• EXERCISE BRIEF:
Copying rule for the data below: pictures stay out, and only the lines from the one with "Ugo Flumiani Trieste" down to the one with "La fachada del", inclusive, are repeated exactly.

• PROVIDED DATA:
----

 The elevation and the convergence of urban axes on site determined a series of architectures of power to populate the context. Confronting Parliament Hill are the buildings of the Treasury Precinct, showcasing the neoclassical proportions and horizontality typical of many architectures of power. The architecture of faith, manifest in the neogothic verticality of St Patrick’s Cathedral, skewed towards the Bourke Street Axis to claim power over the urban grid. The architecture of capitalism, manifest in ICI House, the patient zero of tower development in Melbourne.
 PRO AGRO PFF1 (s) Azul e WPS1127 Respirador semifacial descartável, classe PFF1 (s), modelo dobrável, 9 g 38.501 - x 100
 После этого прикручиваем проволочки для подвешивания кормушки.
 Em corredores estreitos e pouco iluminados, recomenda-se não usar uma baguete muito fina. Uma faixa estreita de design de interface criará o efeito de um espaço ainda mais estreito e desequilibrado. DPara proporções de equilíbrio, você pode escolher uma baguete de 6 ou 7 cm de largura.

----

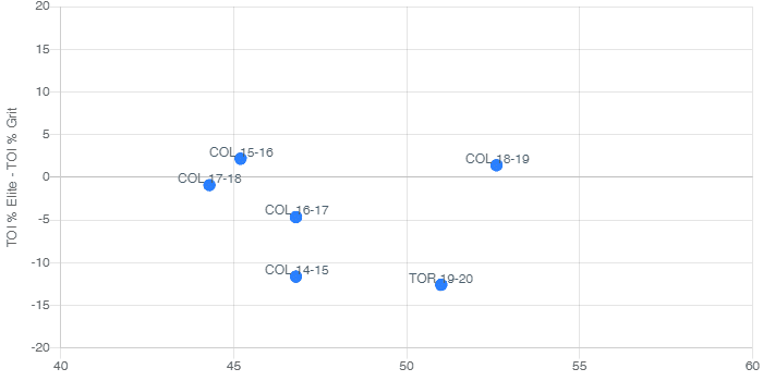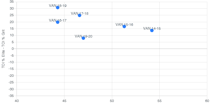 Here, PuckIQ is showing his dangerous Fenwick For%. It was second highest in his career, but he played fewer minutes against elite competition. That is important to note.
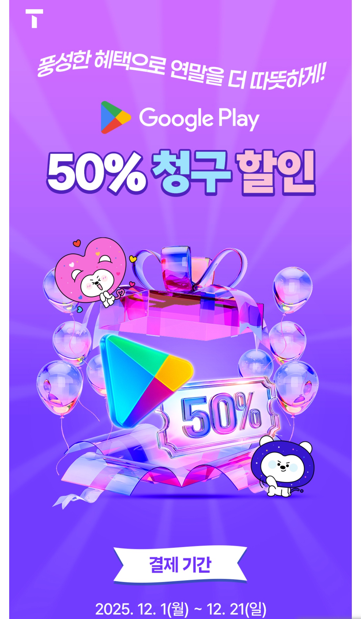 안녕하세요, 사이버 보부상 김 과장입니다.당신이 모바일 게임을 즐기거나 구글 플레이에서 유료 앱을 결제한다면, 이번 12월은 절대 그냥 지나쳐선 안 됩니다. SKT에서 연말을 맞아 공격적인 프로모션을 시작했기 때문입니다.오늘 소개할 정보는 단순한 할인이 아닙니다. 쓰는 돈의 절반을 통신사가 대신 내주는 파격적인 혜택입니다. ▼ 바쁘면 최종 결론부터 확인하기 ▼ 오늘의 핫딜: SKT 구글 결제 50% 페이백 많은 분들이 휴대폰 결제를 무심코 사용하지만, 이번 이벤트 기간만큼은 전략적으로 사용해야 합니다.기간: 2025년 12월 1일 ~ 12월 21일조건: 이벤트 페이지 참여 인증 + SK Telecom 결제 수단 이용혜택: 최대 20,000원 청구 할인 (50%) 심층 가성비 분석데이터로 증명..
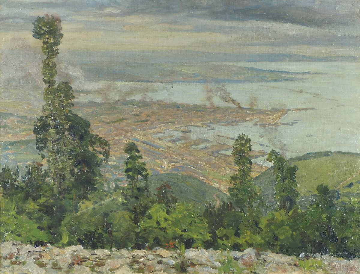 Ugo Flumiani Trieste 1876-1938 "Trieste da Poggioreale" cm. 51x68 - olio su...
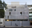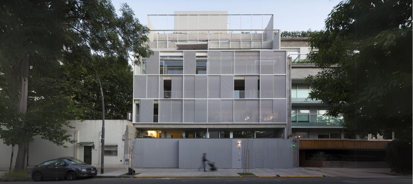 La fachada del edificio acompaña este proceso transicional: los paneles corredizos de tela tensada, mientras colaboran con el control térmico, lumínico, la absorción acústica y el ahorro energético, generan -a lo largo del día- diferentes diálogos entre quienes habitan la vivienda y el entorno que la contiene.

----

• ANSWER:
 Ugo Flumiani Trieste 1876-1938 "Trieste da Poggioreale" cm. 51x68 - olio su...
 La fachada del edificio acompaña este proceso transicional: los paneles corredizos de tela tensada, mientras colaboran con el control térmico, lumínico, la absorción acústica y el ahorro energético, generan -a lo largo del día- diferentes diálogos entre quienes habitan la vivienda y el entorno que la contiene.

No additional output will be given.